Although you probably don't need any hints, I know @paulrayner has played around with a reveal.js backend for Asciidoctor for one (or more) of his presentations. However, he was extending the built-in classes instead of using Tilt. Custom backends should be done using Tilt because the built-in classes should be treated as private.

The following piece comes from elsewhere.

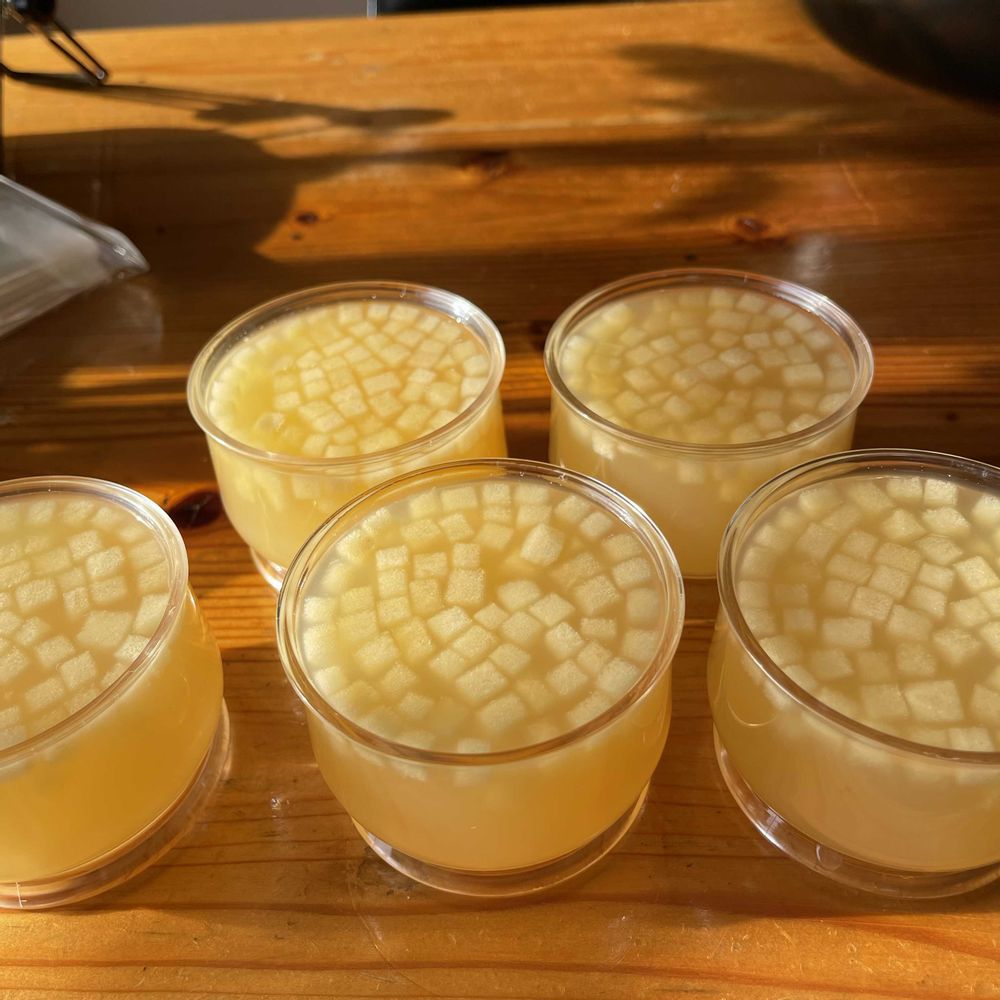 ➎ 濃縮還元してないストレートのリンゴジュースをいただいたので、100%のリンゴゼリーをデザートにって事で、 はい🙂↕️ちゃ~んと孫の人数分に分けましたよ〜😘

My one word of advice is to aim for the simplest possible syntax (roles, options, etc) that will work. @jordanmccullough you probably don't need any convincing on that coming from Markdown. Hopefully you'll find the AsciiDoc syntax is a good fit for achieving the type of hierarchical organization of slides that you have in HydeSlides.
Happy hacking!
Writing a revealjs backend right now. Using tilt and haml. Never really used haml/titlt/revealjs and have to learn the structure asciidoctor calls the haml files. Created a subdirectory asciidoctor-backends/haml/revealjs and started with document.html.haml. Is that the right direction?
@buuhsmead Excellent!
I recommend starting with either haml or tilt (I see you chose haml, which is fine). It's easy to then port it to slim. Using multiple engines in the backend doesn't really benefit users, but it gives people interested in hacking on it the raw material if they prefer to use one engine over another. To be honest, I'm still debating with myself what the best approach is.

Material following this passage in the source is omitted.